My husband has watched me lace up my sneakers, trudge off to workouts I didn’t want to do, ice my knee when my body wasn’t quite ready for all this yet, weigh in each week, smiling some weeks and ready to smash the scale on others. He has been there from the “I think I need to make some changes” stage to the “Hot damn, baby, these jeans fit!” stage, and each stop in between.

And he has never made me feel like I am less than beautiful and sexy to him. Even when I couldn’t stand to look in the mirror at myself, even when pounds kept creeping on, he believed in me, saw something I couldn’t see anymore. I lost faith in myself at some point, but he never did, and because of that, I was able to shakily get back on my feet one more time and whisper, “Let’s try again.”

I am grateful for my husband. Every day, he gives me new reasons to love him even more. Reaching my goal has never been a one-woman show or a solitary celebration. He has been my biggest supporter every step of the way, reminding me of exactly what I am capable of, so this is definitely a much-deserved party for two.

I DID IT!

I can barely sit still to type this post today. To be honest, this is a post I was starting to believe I would never write. But finally, at long last, I can proudly and triumphantly say: I DID IT!

I have struggled with my weight for a long time. Most of you know that after my mom died a few years ago, I gained a lot of weight. I stopped taking care of myself in so many ways. It took a long time–over two years–for me to feel ready to tackle my weight again, but when I did, I made myself a promise: no half-assing. Give it my all, all the way to the finish line.
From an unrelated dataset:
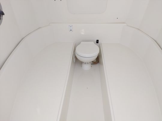 Il pozzetto si distingue per il volume e la disposizione razionale. La console, alta 1,44 m, si apre sul davanti e ospita un vano portaoggetti o una cuccetta supplementare (1,75 x 1,44 m). Questo vano può anche essere dotato di un WC marino o chimico opzionale.

No pills. No injections. No surgery. No cheating. It was tempting, I’ll admit, especially when an injury and then illness sidelined me for weeks, and I re-gained about 11 pounds. I was frustrated and looked into weight loss injections, but ultimately, I decided that chemicals, side effects, and unknown long-term risks just aren’t the way I want to go.

I decided to stick with just me, sweat, hard work, and dedication.

One step at a time. One rep, one workout, one meal, one decision at a time.

Day in, day out, making changes, pushing myself, talking to myself out loud if that is what it took. Reminding myself what I want to look like, what I want to feel like, how badly I want to prove to myself that I can accomplish this. On my own.

And I did. It still doesn’t feel real to me, but I sure as hell did.

Instead of setting a goal weight number, I decided to use my favorite pair of jeans as the measuring stick. They have no stretch, zero forgiveness, and haven’t fit in years! When I first started this challenge, I was lucky to fit my legs up to my knees into them.

This morning? They pulled right up, zipped, buttoned. I almost cried.

I have lost over 70 pounds and dropped several dress sizes. My BMI and blood pressure are back in a healthy range. I am stronger, happier, fitter.

I am beyond thrilled to finally be here, but now that I know what I am capable of, I want even more. Running goals, weight lifting goals, pushing myself just a little bit farther.

But for right now? I am going to enjoy reaching my goal. I am going to bask in pride and victory. I am going to keep whispering “I did it” until it really sinks in. And, something I have been waiting a long, long time to do…I am celebrating by going shopping for new, smaller clothes!